**EXTRACTED ENTRIES:**
══════════

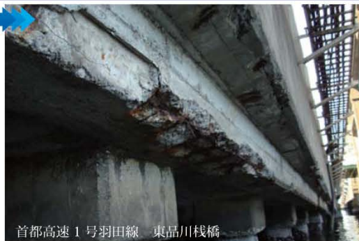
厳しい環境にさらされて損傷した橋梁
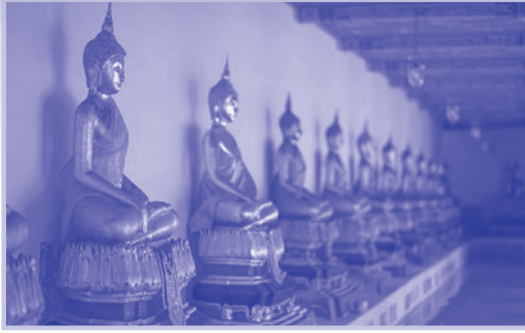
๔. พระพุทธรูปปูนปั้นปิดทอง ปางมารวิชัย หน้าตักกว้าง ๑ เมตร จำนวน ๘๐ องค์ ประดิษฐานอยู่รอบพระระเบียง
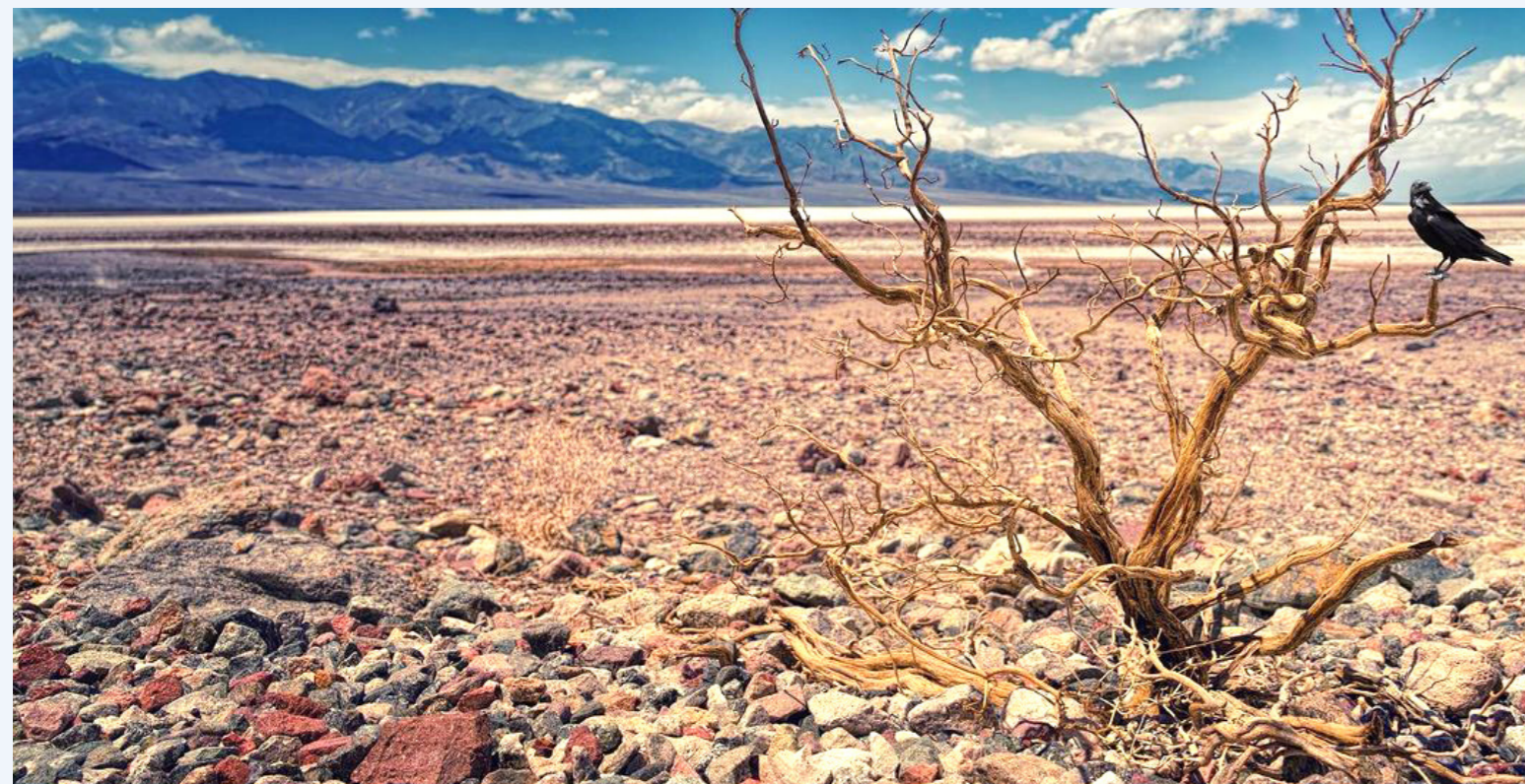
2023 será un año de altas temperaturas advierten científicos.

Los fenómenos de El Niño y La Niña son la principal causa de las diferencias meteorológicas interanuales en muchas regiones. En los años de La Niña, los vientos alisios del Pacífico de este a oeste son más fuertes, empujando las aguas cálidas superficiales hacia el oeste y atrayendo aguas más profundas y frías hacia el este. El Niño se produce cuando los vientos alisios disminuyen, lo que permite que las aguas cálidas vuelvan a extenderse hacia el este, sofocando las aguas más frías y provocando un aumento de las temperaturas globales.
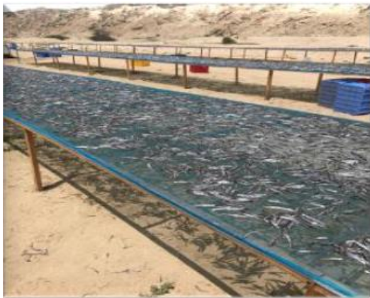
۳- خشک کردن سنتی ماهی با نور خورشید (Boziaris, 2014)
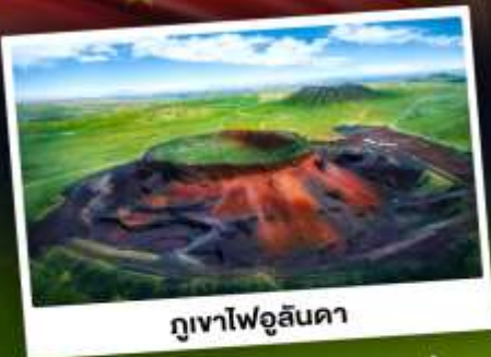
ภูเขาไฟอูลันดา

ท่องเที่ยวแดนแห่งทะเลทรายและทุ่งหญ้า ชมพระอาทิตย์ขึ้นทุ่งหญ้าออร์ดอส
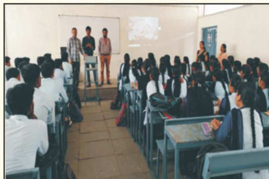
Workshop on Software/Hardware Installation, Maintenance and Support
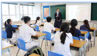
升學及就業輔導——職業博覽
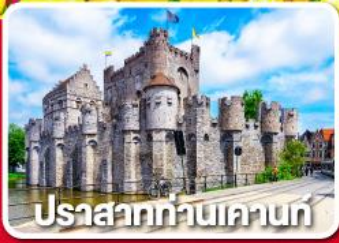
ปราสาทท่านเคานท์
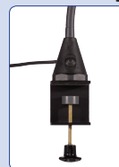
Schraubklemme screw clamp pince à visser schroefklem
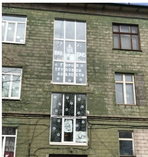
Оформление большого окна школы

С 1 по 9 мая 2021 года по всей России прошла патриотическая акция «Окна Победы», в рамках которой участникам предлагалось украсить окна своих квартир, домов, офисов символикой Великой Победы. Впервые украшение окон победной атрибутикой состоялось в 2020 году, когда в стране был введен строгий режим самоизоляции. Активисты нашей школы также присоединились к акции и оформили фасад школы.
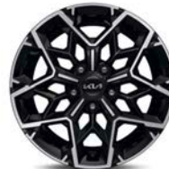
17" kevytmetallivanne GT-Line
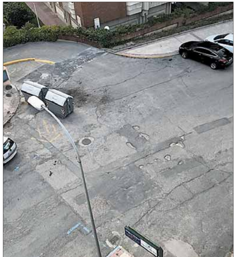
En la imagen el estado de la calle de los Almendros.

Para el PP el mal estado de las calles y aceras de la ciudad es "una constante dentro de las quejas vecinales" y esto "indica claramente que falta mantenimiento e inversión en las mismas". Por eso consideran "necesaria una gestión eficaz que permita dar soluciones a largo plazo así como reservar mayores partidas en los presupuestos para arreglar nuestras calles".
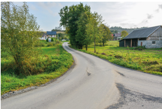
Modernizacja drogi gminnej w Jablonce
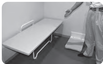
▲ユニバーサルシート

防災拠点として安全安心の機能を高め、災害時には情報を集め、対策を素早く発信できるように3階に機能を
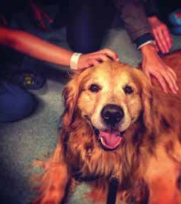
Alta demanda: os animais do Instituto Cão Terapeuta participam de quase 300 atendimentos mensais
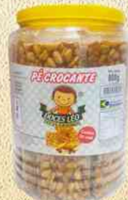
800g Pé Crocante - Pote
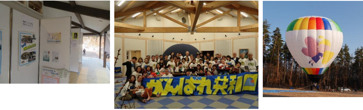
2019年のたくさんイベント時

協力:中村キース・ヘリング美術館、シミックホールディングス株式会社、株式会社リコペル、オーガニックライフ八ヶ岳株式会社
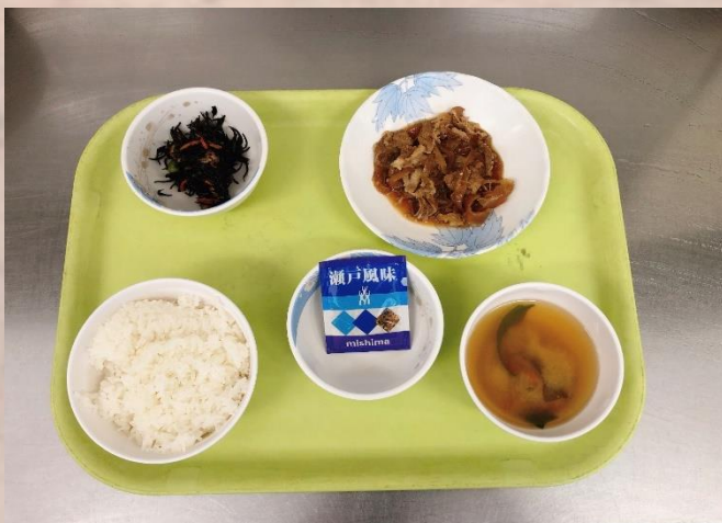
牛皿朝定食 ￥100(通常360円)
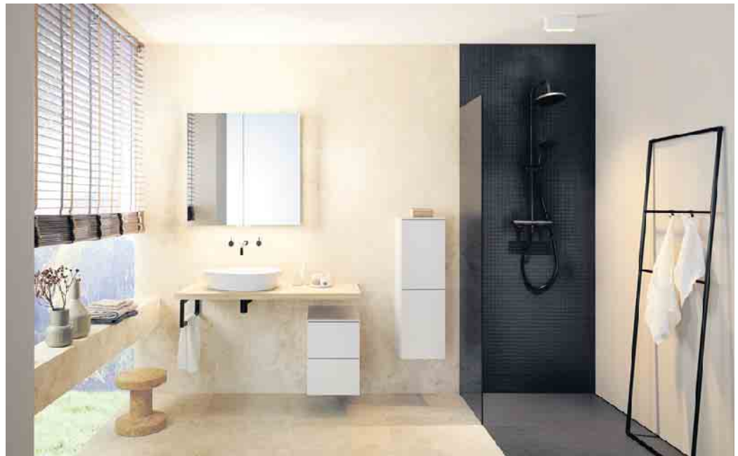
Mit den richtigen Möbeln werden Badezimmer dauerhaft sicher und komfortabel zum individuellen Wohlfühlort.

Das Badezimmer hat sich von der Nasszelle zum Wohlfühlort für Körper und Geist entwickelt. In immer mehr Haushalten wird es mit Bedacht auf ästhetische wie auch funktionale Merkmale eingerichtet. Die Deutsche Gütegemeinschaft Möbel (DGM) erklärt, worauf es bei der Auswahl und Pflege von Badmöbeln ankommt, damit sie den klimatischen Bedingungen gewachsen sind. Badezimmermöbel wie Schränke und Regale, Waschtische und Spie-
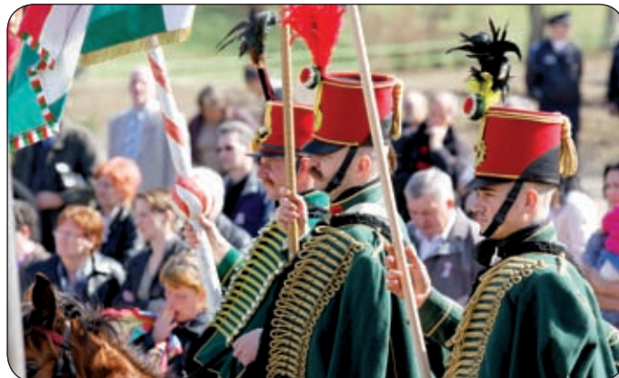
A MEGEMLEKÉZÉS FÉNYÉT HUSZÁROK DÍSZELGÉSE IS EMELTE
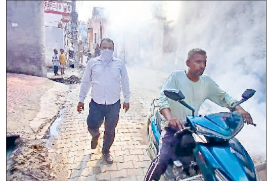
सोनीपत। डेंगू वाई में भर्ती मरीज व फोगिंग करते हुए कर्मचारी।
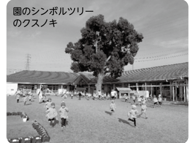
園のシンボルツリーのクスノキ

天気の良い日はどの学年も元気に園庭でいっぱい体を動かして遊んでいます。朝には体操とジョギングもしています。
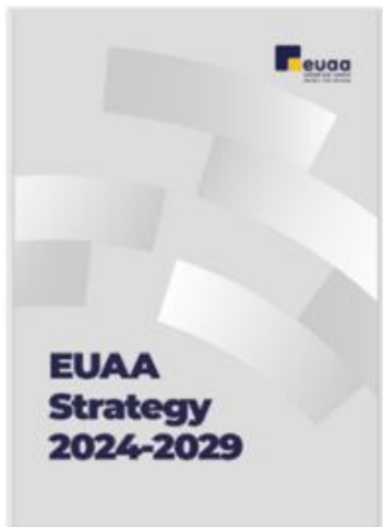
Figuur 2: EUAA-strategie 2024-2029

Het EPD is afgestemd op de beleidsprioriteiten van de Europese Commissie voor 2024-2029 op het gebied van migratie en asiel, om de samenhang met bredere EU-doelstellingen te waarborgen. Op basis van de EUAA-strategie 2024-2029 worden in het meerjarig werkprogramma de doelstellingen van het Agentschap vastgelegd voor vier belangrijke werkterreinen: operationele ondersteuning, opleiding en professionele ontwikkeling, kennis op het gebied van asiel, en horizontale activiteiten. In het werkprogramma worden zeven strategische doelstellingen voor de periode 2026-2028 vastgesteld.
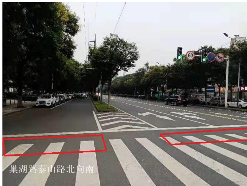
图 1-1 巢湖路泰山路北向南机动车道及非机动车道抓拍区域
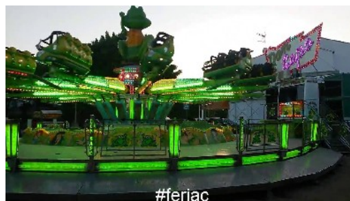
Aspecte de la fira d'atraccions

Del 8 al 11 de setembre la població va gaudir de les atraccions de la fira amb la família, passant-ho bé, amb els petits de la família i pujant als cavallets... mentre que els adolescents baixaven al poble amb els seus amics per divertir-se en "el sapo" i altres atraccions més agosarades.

══════════

**TASK OBJECTIVE:** Give the entries above again word for word, without the pictures.

**OUTPUT OF THE EXERCISE:**
厳しい環境にさらされて損傷した橋梁
๔. พระพุทธรูปปูนปั้นปิดทอง ปางมารวิชัย หน้าตักกว้าง ๑ เมตร จำนวน ๘๐ องค์ ประดิษฐานอยู่รอบพระระเบียง
2023 será un año de altas temperaturas advierten científicos.

Los fenómenos de El Niño y La Niña son la principal causa de las diferencias meteorológicas interanuales en muchas regiones. En los años de La Niña, los vientos alisios del Pacífico de este a oeste son más fuertes, empujando las aguas cálidas superficiales hacia el oeste y atrayendo aguas más profundas y frías hacia el este. El Niño se produce cuando los vientos alisios disminuyen, lo que permite que las aguas cálidas vuelvan a extenderse hacia el este, sofocando las aguas más frías y provocando un aumento de las temperaturas globales.
۳- خشک کردن سنتی ماهی با نور خورشید (Boziaris, 2014)
ภูเขาไฟอูลันดา

ท่องเที่ยวแดนแห่งทะเลทรายและทุ่งหญ้า ชมพระอาทิตย์ขึ้นทุ่งหญ้าออร์ดอส
Workshop on Software/Hardware Installation, Maintenance and Support
升學及就業輔導——職業博覽
ปราสาทท่านเคานท์
Schraubklemme screw clamp pince à visser schroefklem
Оформление большого окна школы

С 1 по 9 мая 2021 года по всей России прошла патриотическая акция «Окна Победы», в рамках которой участникам предлагалось украсить окна своих квартир, домов, офисов символикой Великой Победы. Впервые украшение окон победной атрибутикой состоялось в 2020 году, когда в стране был введен строгий режим самоизоляции. Активисты нашей школы также присоединились к акции и оформили фасад школы.
17" kevytmetallivanne GT-Line
En la imagen el estado de la calle de los Almendros.

Para el PP el mal estado de las calles y aceras de la ciudad es "una constante dentro de las quejas vecinales" y esto "indica claramente que falta mantenimiento e inversión en las mismas". Por eso consideran "necesaria una gestión eficaz que permita dar soluciones a largo plazo así como reservar mayores partidas en los presupuestos para arreglar nuestras calles".
Modernizacja drogi gminnej w Jablonce
▲ユニバーサルシート

防災拠点として安全安心の機能を高め、災害時には情報を集め、対策を素早く発信できるように3階に機能を
Alta demanda: os animais do Instituto Cão Terapeuta participam de quase 300 atendimentos mensais
800g Pé Crocante - Pote
2019年のたくさんイベント時

協力:中村キース・ヘリング美術館、シミックホールディングス株式会社、株式会社リコペル、オーガニックライフ八ヶ岳株式会社
牛皿朝定食 ￥100(通常360円)
Mit den richtigen Möbeln werden Badezimmer dauerhaft sicher und komfortabel zum individuellen Wohlfühlort.

Das Badezimmer hat sich von der Nasszelle zum Wohlfühlort für Körper und Geist entwickelt. In immer mehr Haushalten wird es mit Bedacht auf ästhetische wie auch funktionale Merkmale eingerichtet. Die Deutsche Gütegemeinschaft Möbel (DGM) erklärt, worauf es bei der Auswahl und Pflege von Badmöbeln ankommt, damit sie den klimatischen Bedingungen gewachsen sind. Badezimmermöbel wie Schränke und Regale, Waschtische und Spie-
A MEGEMLEKÉZÉS FÉNYÉT HUSZÁROK DÍSZELGÉSE IS EMELTE
सोनीपत। डेंगू वाई में भर्ती मरीज व फोगिंग करते हुए कर्मचारी।
園のシンボルツリーのクスノキ

天気の良い日はどの学年も元気に園庭でいっぱい体を動かして遊んでいます。朝には体操とジョギングもしています。
Figuur 2: EUAA-strategie 2024-2029

Het EPD is afgestemd op de beleidsprioriteiten van de Europese Commissie voor 2024-2029 op het gebied van migratie en asiel, om de samenhang met bredere EU-doelstellingen te waarborgen. Op basis van de EUAA-strategie 2024-2029 worden in het meerjarig werkprogramma de doelstellingen van het Agentschap vastgelegd voor vier belangrijke werkterreinen: operationele ondersteuning, opleiding en professionele ontwikkeling, kennis op het gebied van asiel, en horizontale activiteiten. In het werkprogramma worden zeven strategische doelstellingen voor de periode 2026-2028 vastgesteld.
图 1-1 巢湖路泰山路北向南机动车道及非机动车道抓拍区域
Aspecte de la fira d'atraccions

Del 8 al 11 de setembre la població va gaudir de les atraccions de la fira amb la família, passant-ho bé, amb els petits de la família i pujant als cavallets... mentre que els adolescents baixaven al poble amb els seus amics per divertir-se en "el sapo" i altres atraccions més agosarades.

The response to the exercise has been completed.